Astigmatism - The clinical pearls in Refractive care

Najiya Sundus K. Meethal
Dr. Krishna Kumar Ramani
Published Online: July 27th, 2021 | Read Time: 22 minutes, 2 seconds
Preface:
Astigmatism is a common type of refractive error that we come across in vision clinics on a regular basis. It causes the deterioration of retinal image quality and leads to specific vision-related symptoms. Prevalence of this condition is reported to vary with age, gender, and ethnicity. The clinical diagnosis and management of astigmatism necessitate an understanding of its nature and characteristics. Hence, this particular write-up is prepared as a consolidation of integrated information related to ‘astigmatism’ by focusing on its definition, classic types, relevant clinical evaluation components, and appropriate management options.

What is astigmatism?

Astigmatism is a type of refractive error/ametropia that occurs when parallel rays of light entering the ocular media (non-accommodative state) are not focused well on the retina. In an optical system with astigmatic error, light rays propagate in two different planes and the incident light rays fail to converge at a single focal point rather they have two different foci. This causes a difference in the degree of refraction in different meridians and the retinal images of both distant and near objects tend to appear blurred.

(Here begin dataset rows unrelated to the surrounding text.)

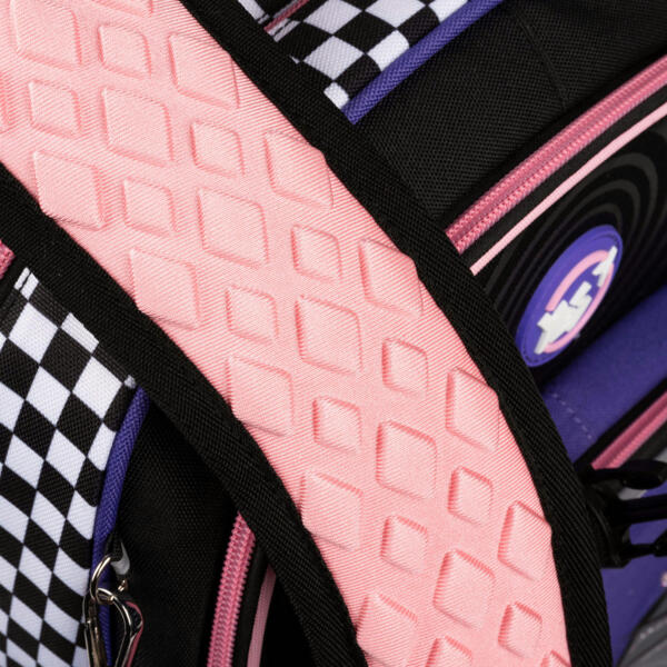 Ортопедическая спинка рюкзака продумана до мелочей и обеспечивает равномерное распределение нагрузки на все отделы позвоночника. Смягчающие подушечки расположены таким образом, чтобы массажный эффект осуществлялся в наиболее напряженных участках спины ребенка для максимально комфортной носки.
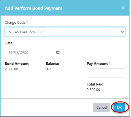 Note: System displays the Add Perform Bond Payment form (or Edit Perform Bond Payment form)
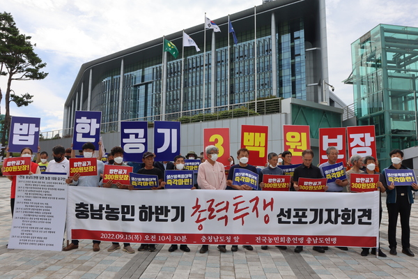 전국농민회총연맹 충남도연맹(이하 충남도연맹)은 15일 충남도청 앞에서 기자회견을 열고 "면세유는 작년 6월 대비 2배 이상 오르고 인건비도 15만원으로 치솟는 등 농자재·농업경영비용은 폭등하고 있는데 쌀값은 13만원으로 폭락하면서 수확기 후에 대출이자 갚기도 막막하다"며 "밥 한 공기에 농민에게 돌아오는 비용이 206원인데, 지금처럼 쌀값이 폭락하는 상황에서 경영비용을 정산하면 얼마가 남을지도 몰라 이번 겨울을 나기가 두렵다"라고 호소했다.
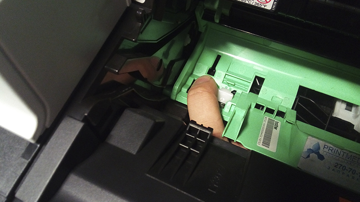 - Дотроньтесь до флажка пальцем и удерживайте его, вставив руку в отверстие для выхода бумаги.

In the case of astigmatism, the steepest and flattest meridians of the eye are called the principal meridians and the amount/degree of astigmatism is calculated as the difference in their refractive powers.

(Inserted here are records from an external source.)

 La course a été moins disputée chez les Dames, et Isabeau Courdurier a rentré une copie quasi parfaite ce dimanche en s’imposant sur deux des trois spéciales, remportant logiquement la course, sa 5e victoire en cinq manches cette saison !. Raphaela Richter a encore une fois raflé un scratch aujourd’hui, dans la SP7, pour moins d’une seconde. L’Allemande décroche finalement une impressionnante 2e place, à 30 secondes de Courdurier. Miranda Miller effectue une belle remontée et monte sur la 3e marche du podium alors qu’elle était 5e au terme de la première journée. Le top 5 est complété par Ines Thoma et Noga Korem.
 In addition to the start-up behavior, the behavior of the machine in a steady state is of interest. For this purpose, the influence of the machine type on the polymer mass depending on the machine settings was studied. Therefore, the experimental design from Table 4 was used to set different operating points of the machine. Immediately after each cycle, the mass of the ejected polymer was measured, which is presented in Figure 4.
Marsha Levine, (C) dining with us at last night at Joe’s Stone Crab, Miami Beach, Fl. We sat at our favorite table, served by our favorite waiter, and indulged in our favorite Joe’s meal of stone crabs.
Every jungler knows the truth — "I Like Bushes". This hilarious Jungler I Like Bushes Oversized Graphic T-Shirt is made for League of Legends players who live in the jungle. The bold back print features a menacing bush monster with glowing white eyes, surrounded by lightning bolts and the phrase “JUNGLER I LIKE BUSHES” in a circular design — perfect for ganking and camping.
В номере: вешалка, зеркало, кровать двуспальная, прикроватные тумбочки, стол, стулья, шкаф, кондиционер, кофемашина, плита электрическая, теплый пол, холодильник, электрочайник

What are the symptoms of astigmatism?

Astigmatism leads to symptoms such as blurred or distorted (horizontal, vertical, or diagonal) vision, asthenopia including headache, eye strain, fatigue, etc., squinting/squeezing of eyes, head tilt, difficulty in driving at night/low lit conditions, glare, photophobia, etc.

What are the types of astigmatism?

Based on the anatomical location/etiology

  • Anterior or Posterior corneal astigmatism: a most common type, caused by the irregularities in the anterior or posterior corneal curvature (e.g. Keratoconus, Corneal scar, Limbal dermoid, etc.)
  • Lenticular astigmatism: caused by the variation in the curvature (e.g. Lenticonus), position (e.g. Subluxation), or refractive index (e.g. Nuclear sclerosis) of the crystalline lens
  • Retinal astigmatism: Commonly caused by the oblique placement of the macula, directional variability in the arrangements of photoreceptors, etc.

Based on the magnitude of astigmatism

  • Mild: < 1.00 D
  • Moderate: > 1.00 to 2.00 D
  • Severe: > 2.00 D to 3.00 D
  • Extremely severe: > 3.00 D

Based on the axis of the principal meridian/orthogonality

  • Regular: Most common type in which the principal meridians are perpendicular to each other i.e. 90º apart
  • Irregular: Principal meridians are not 90º apart instead they are separated by any other angle and can be macro-irregular or micro-irregular astigmatism

Based on the location of the steepest meridian as illustrated in Figure 1

  • With-the-rule: with steep vertical meridian, 90 ± 30 (e.g. +0.00 DS/-0.75 DC x 180)
  • Against-the-rule: with steep horizontal meridian, 180 ± 30 (e.g. +0.00 DS/-1.25 DC x 90)
  • Oblique: the steepest curve lies in between degrees outside that of 90 ± 30 and 180 ± 30 (i.e. between 120 and 150 degrees and 30 and 60 degrees). For e.g. +0.00 DS/-2.00 DC x 40

Figure 1: Illustration of the types of astigmatism based on the location of the steepest meridian, i.e. With-the-rule (left), Against-the-rule (centre), and Oblique (Right) astigmatism

Based on the location of the focal lines as illustrated in Figure 02

  • Simple myopic: +0.00 DC x 90/-2.00 DC x 180
  • Simple hyperopic: +3.25 DC x 110/+0.00 DC x 20
  • Compound myopic: -2.00 DC x 170/-3.50 DC x 80
  • Compound hyperopic: +2.00 DC x 180/+1.75 DC x 90
  • Mixed: +4.00 DC x 180/-3.00 DC x 90

Figure 2: Illustration of the types of astigmatism based on the location of the focal lines i.e. (a) Simple myopic, (b) Simple hyperopic, (c) Compound myopic, (d) Compound hyperopic, (e) Mixed

What are the clinical methods to diagnose astigmatism?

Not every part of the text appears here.